### PROBLEM DETAILS
Your copy should hold every record exactly and no images.

### DATA TO USE
-=-=-=-=-

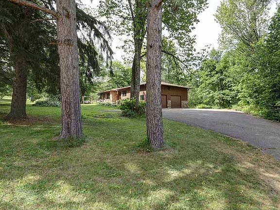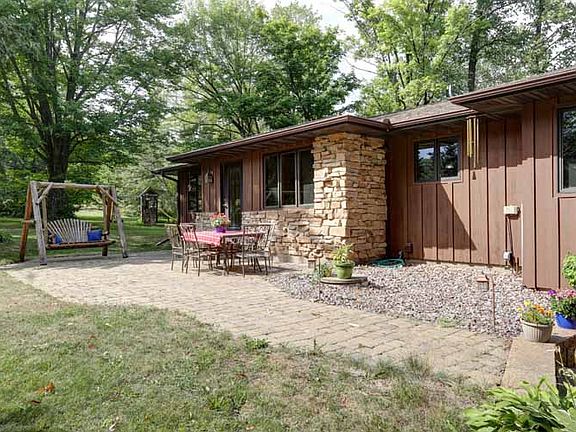 Exceptional curb appeal w / patio / cement slab, private setting w / mature trees (apple & cherry), landscaping & beautiful gardens, optimally set back from the road. Tasteful combination of updates & charm, hickory kitchen cabinets w / under cabinet lighting, island, stainless appliances, open-concept main level w / hickory trim & hardwood flooring, main level laundry, living room w / tongue & groove feature wall, walkout basement w / 2 storage areas, recently added full bath (2017), newer furnace (2008). Other features include solid 6-panel doors throughout, modern accents / lighting, 2-car attached garage with additional half bath w / ample garage storage, and a cement slab that could be used for a parking or an outdoor sports court. Home currently has a conventional septic system that sellers are converting to two 2,500 gallon holding tanks before closing. Updated main level bath counter, sink and fixtures (July 2018).
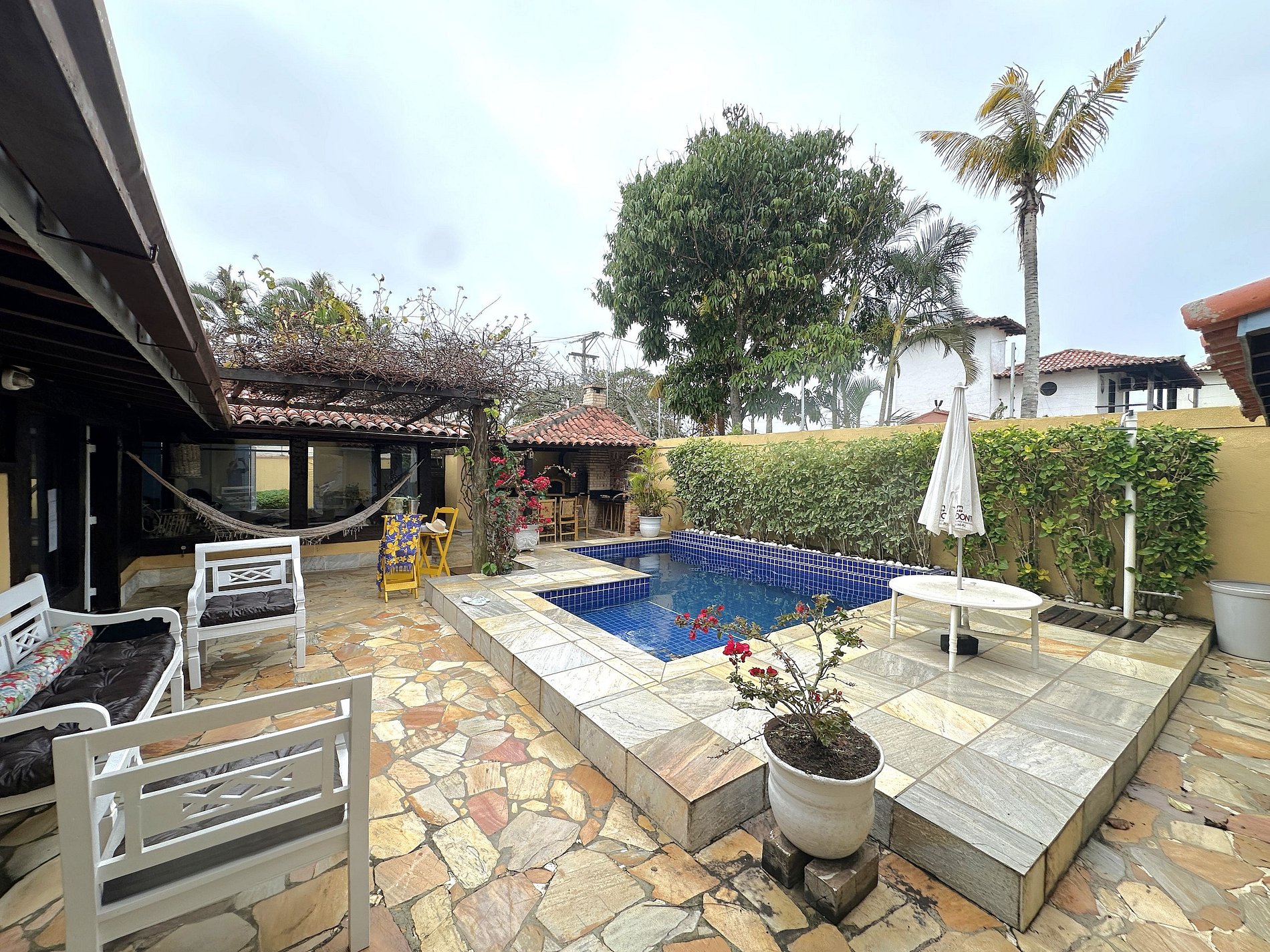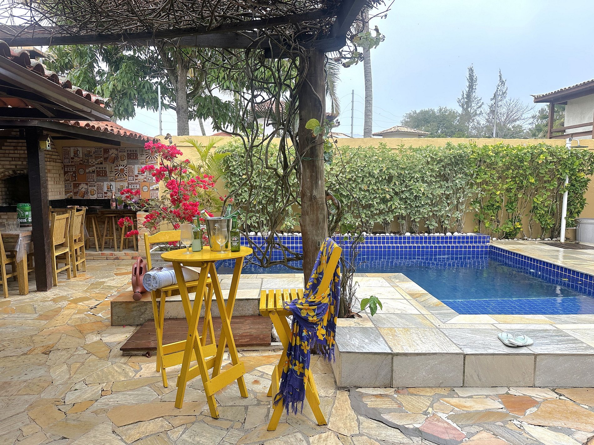- Há um jardineiro que acessa a área externa e a piscina para limpeza 2 vezes na semana. Ele tem as chaves do portão. Em dias de chuva o piscineiro não vai.
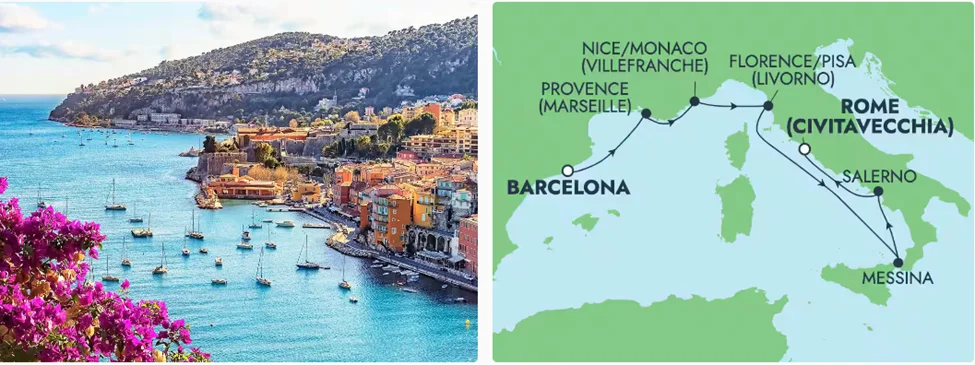 Barcelona, Spain > Provence (Marseille), France > Nice/Monaco (Villefrance), France > Florence/Pisa (Livorno), Italy > At Sea > Messina (Sicily), Italy > Salerno, Italy > Rome (Civitavecchia), Italy
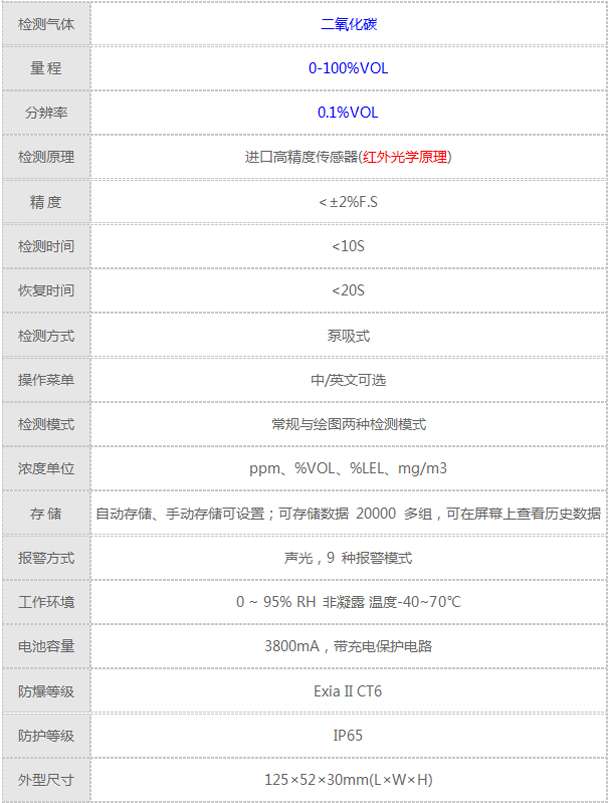 BL05型 便携式气体检测仪的相关指标参数:
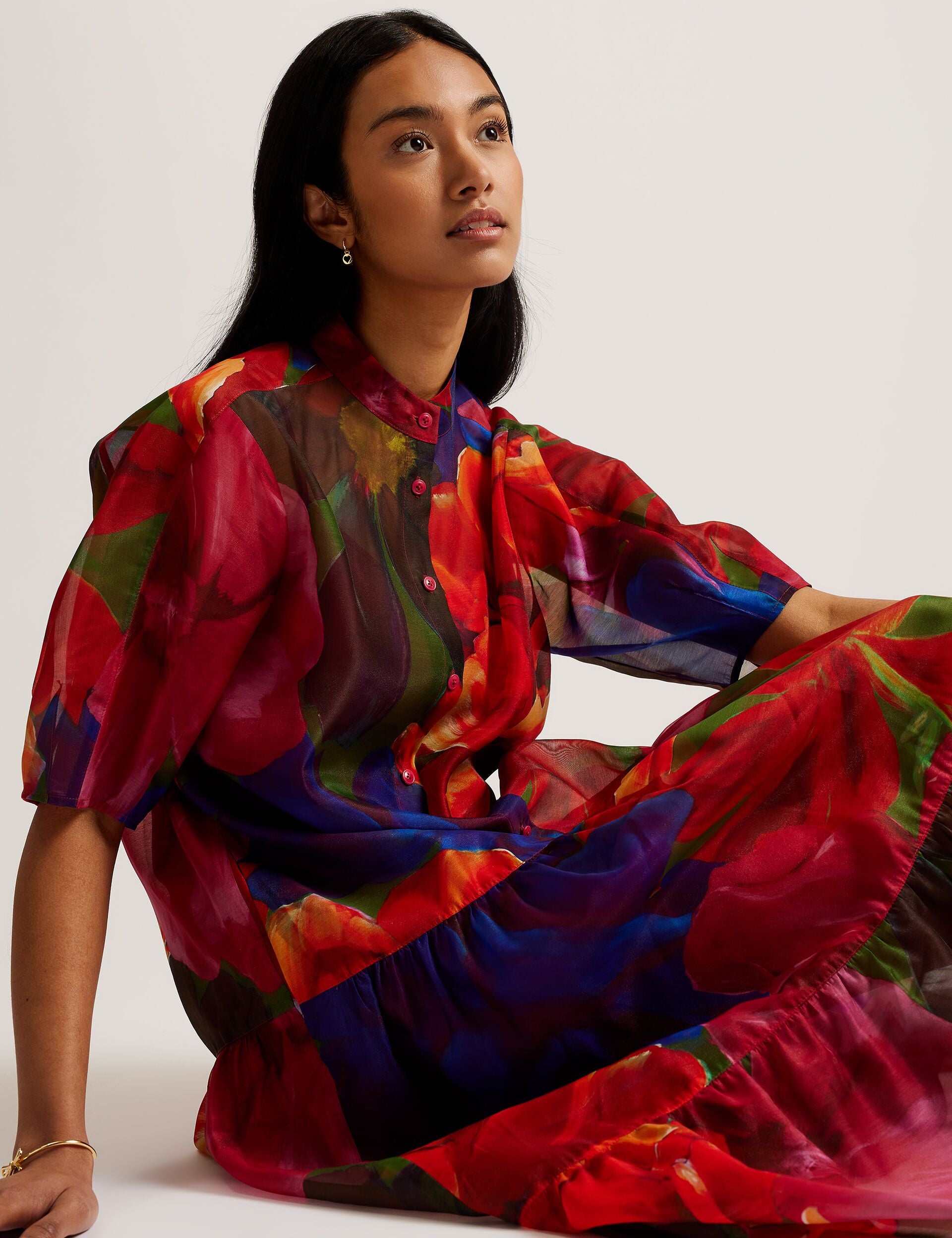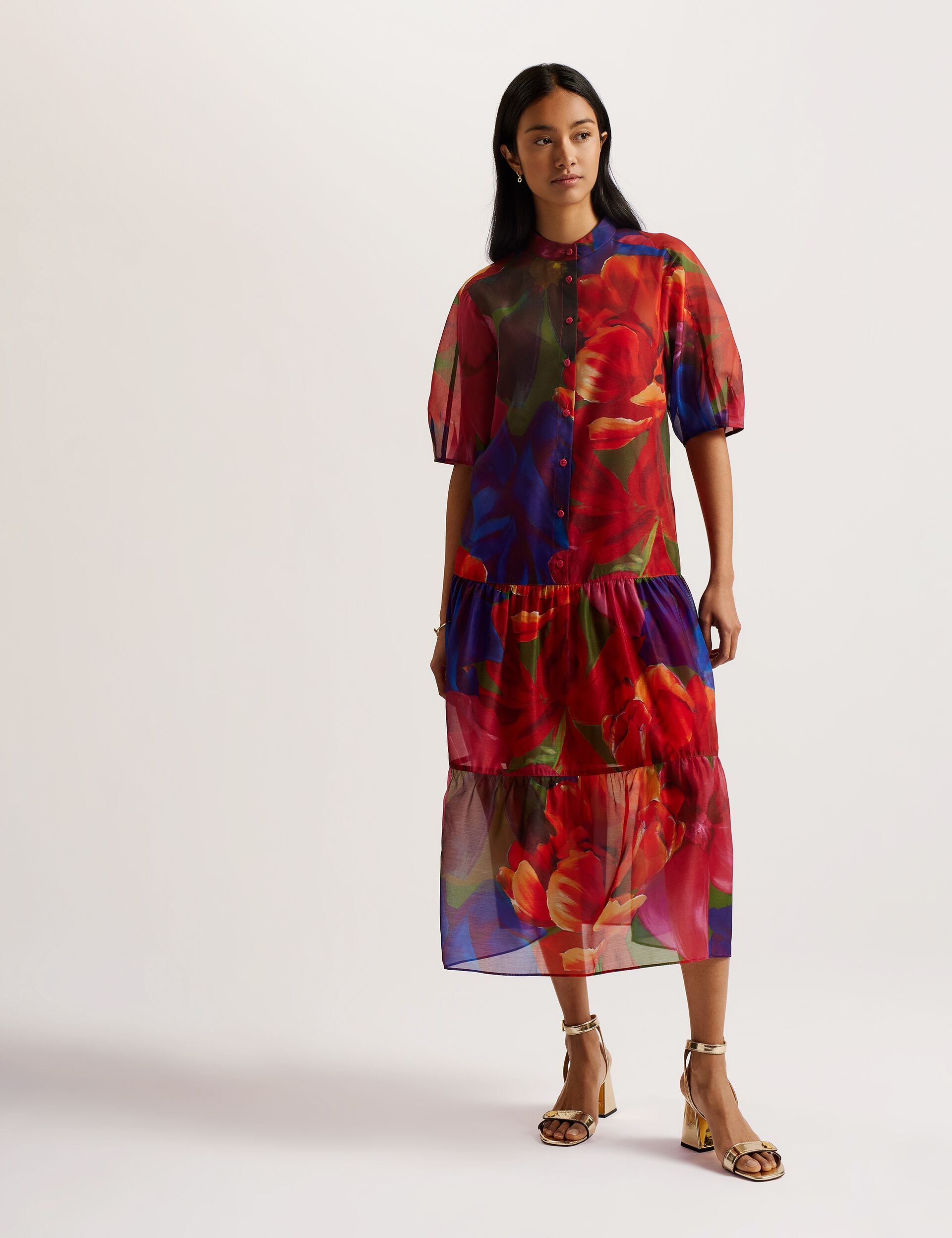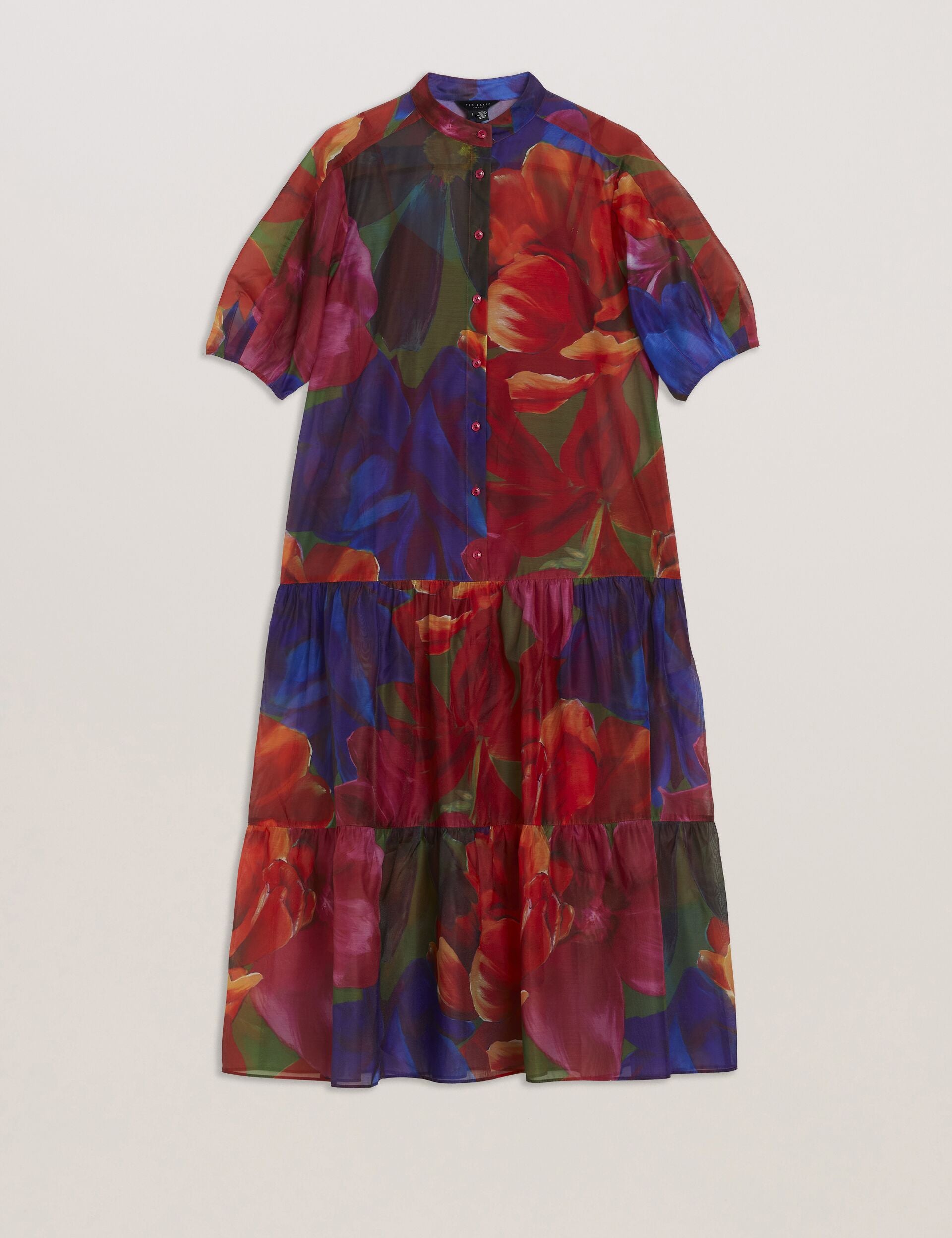 Step into the spotlight with MIRU, our short sleeve button-front dress, featuring a chic mandarin collar and a playful tiered skirt. Drenched in a vibrant floral pattern of vivid reds and blues, this dress brings energy to any occasion. Perfect for twirling through your day, this is one for the bold, the bright, and the beautifully confident. Because why settle for ordinary when you can bloom in full color?
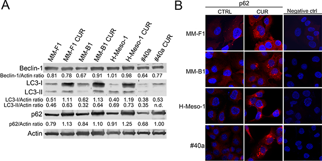 Figure 3: Effect of CUR on the autophagic flux in MM cells. Panel A. The expression of Beclin-1, LC3-I and LC3-II, and p62 was assessed by western blotting in MM cell lines treated with CUR at 25 μM or DMSO for 24 hours. Actin was used as an internal control. The intensity of the bands was quantified using the ImageJ software after blot scanning of two independent experiments. The densitometric ratios between Beclin-1 and actin, LC3-I and actin, LC3-II and actin, p62 and actin are reported. Panel B. The expression of p62 after treatment with CUR in MM cells was determined by immunofluorescence analysis. Cells were fixed after treatment, and incubated with the anti-p62 antibody. After two washes with PBS, cells were incubated with the secondary Alexa fluor-594-conjugated goat anti-rabbit IgG antibody. Nuclei were stained with Hoechst. Original magnification x400. n.d= not detectable.
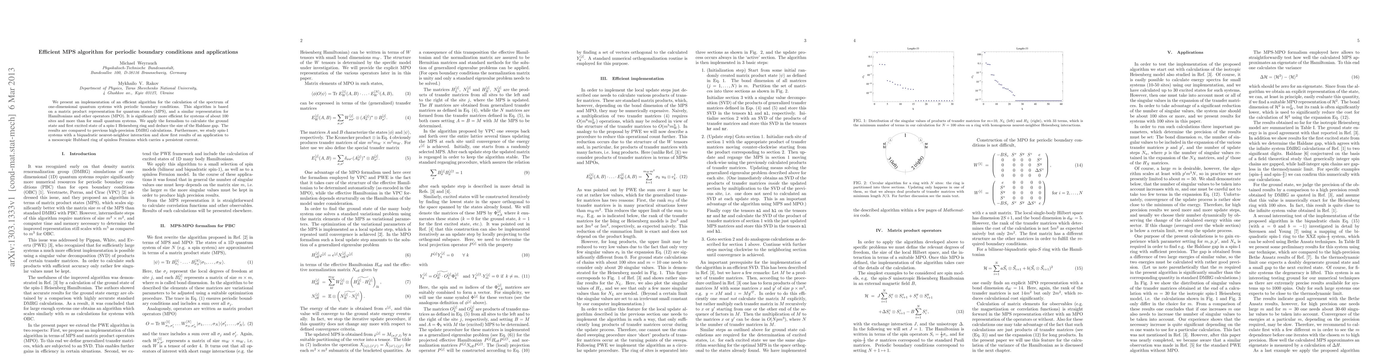 This paper introduces an efficient matrix product state (MPS) algorithm for calculating the spectrum of one-dimensional quantum systems with periodic boundary conditions, demonstrating its effectiveness for systems with over 100 sites. The algorithm is applied to determine the ground state and first excited state of a spin-1 Heisenberg ring, comparing results to high-precision DMRG calculations and exploring its potential in mesoscopic Hubbard rings.
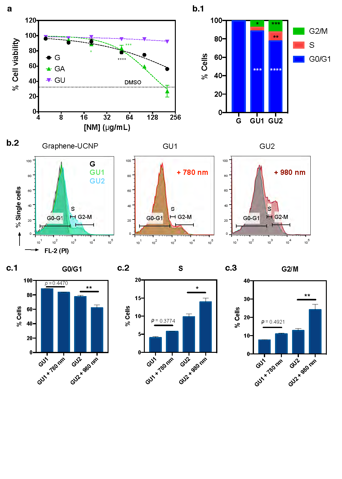 Finally, the biological impact of these nanocomposites was investigated in the presence of NIR radiation (Figure 3). Conjugation of UCNPs to graphene (GU) resulted in a biocompatible material with minimal cytotoxicity and oxidative stress, irrespective of their activation with NIR radiation (980 nm, 100 mW/cm2). SH-5YSY human neuroblastoma cells were used as a model to interface with graphene-based substrates prepared by spray coating onto PET films. Conjugation of graphene with UCNPs significantly increased the number of mitotic cells, evidencing increased cell proliferation (Figure 3). Interestingly, this effect was further enhanced by NIR radiation at 980 nm but not at 780 nm. Immunocytochemical analysis showed that glial and neuronal markers (e.g. GFAP, DCX) decreased with exposure to NIR radiation. Future work will investigate what (de)differentiation mechanisms might be activated, in order to better understand the mechanisms behind neurostimulation.
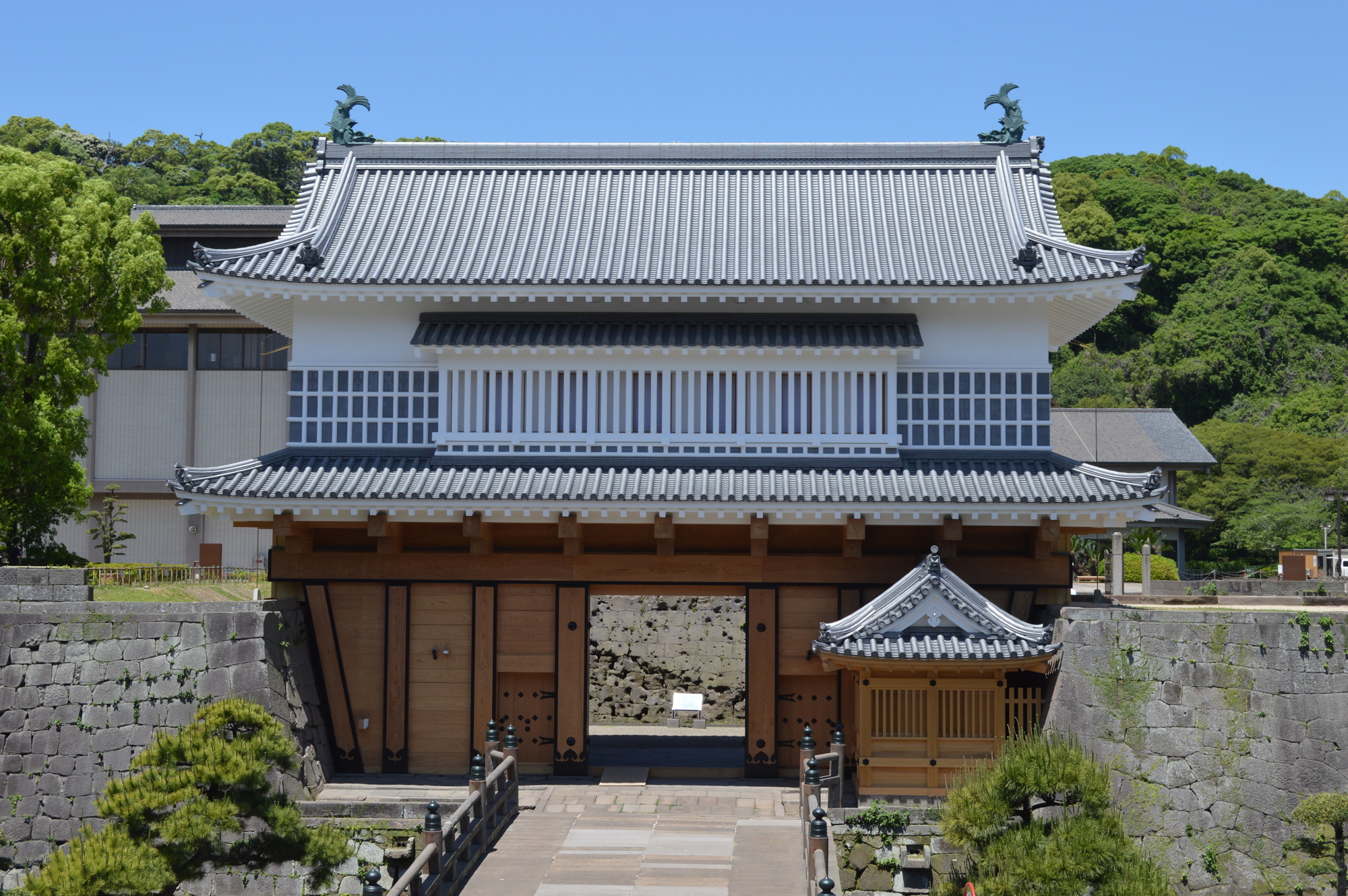 鹿児島城(かごしまじょう)は、慶長6年(1601)、島津家久により築城が開始された。別名を鶴丸城と言います。鹿児島城の水堀は、大大名の城としては小規模で、幅13m、深さ80cmほどと、石垣の高さは6.6mしかない。背後の城山は高さ108m、5つの曲輪から成る。よくある背後の城山から桜島の眺望は、このうち1つの曲輪からの眺望となる。

-=-=-=-=-

### RESPONSE AREA
 Exceptional curb appeal w / patio / cement slab, private setting w / mature trees (apple & cherry), landscaping & beautiful gardens, optimally set back from the road. Tasteful combination of updates & charm, hickory kitchen cabinets w / under cabinet lighting, island, stainless appliances, open-concept main level w / hickory trim & hardwood flooring, main level laundry, living room w / tongue & groove feature wall, walkout basement w / 2 storage areas, recently added full bath (2017), newer furnace (2008). Other features include solid 6-panel doors throughout, modern accents / lighting, 2-car attached garage with additional half bath w / ample garage storage, and a cement slab that could be used for a parking or an outdoor sports court. Home currently has a conventional septic system that sellers are converting to two 2,500 gallon holding tanks before closing. Updated main level bath counter, sink and fixtures (July 2018).
- Há um jardineiro que acessa a área externa e a piscina para limpeza 2 vezes na semana. Ele tem as chaves do portão. Em dias de chuva o piscineiro não vai.
 Barcelona, Spain > Provence (Marseille), France > Nice/Monaco (Villefrance), France > Florence/Pisa (Livorno), Italy > At Sea > Messina (Sicily), Italy > Salerno, Italy > Rome (Civitavecchia), Italy
 BL05型 便携式气体检测仪的相关指标参数:
 Step into the spotlight with MIRU, our short sleeve button-front dress, featuring a chic mandarin collar and a playful tiered skirt. Drenched in a vibrant floral pattern of vivid reds and blues, this dress brings energy to any occasion. Perfect for twirling through your day, this is one for the bold, the bright, and the beautifully confident. Because why settle for ordinary when you can bloom in full color?
 Figure 3: Effect of CUR on the autophagic flux in MM cells. Panel A. The expression of Beclin-1, LC3-I and LC3-II, and p62 was assessed by western blotting in MM cell lines treated with CUR at 25 μM or DMSO for 24 hours. Actin was used as an internal control. The intensity of the bands was quantified using the ImageJ software after blot scanning of two independent experiments. The densitometric ratios between Beclin-1 and actin, LC3-I and actin, LC3-II and actin, p62 and actin are reported. Panel B. The expression of p62 after treatment with CUR in MM cells was determined by immunofluorescence analysis. Cells were fixed after treatment, and incubated with the anti-p62 antibody. After two washes with PBS, cells were incubated with the secondary Alexa fluor-594-conjugated goat anti-rabbit IgG antibody. Nuclei were stained with Hoechst. Original magnification x400. n.d= not detectable.
 This paper introduces an efficient matrix product state (MPS) algorithm for calculating the spectrum of one-dimensional quantum systems with periodic boundary conditions, demonstrating its effectiveness for systems with over 100 sites. The algorithm is applied to determine the ground state and first excited state of a spin-1 Heisenberg ring, comparing results to high-precision DMRG calculations and exploring its potential in mesoscopic Hubbard rings.
 Finally, the biological impact of these nanocomposites was investigated in the presence of NIR radiation (Figure 3). Conjugation of UCNPs to graphene (GU) resulted in a biocompatible material with minimal cytotoxicity and oxidative stress, irrespective of their activation with NIR radiation (980 nm, 100 mW/cm2). SH-5YSY human neuroblastoma cells were used as a model to interface with graphene-based substrates prepared by spray coating onto PET films. Conjugation of graphene with UCNPs significantly increased the number of mitotic cells, evidencing increased cell proliferation (Figure 3). Interestingly, this effect was further enhanced by NIR radiation at 980 nm but not at 780 nm. Immunocytochemical analysis showed that glial and neuronal markers (e.g. GFAP, DCX) decreased with exposure to NIR radiation. Future work will investigate what (de)differentiation mechanisms might be activated, in order to better understand the mechanisms behind neurostimulation.
 鹿児島城(かごしまじょう)は、慶長6年(1601)、島津家久により築城が開始された。別名を鶴丸城と言います。鹿児島城の水堀は、大大名の城としては小規模で、幅13m、深さ80cmほどと、石垣の高さは6.6mしかない。背後の城山は高さ108m、5つの曲輪から成る。よくある背後の城山から桜島の眺望は、このうち1つの曲輪からの眺望となる。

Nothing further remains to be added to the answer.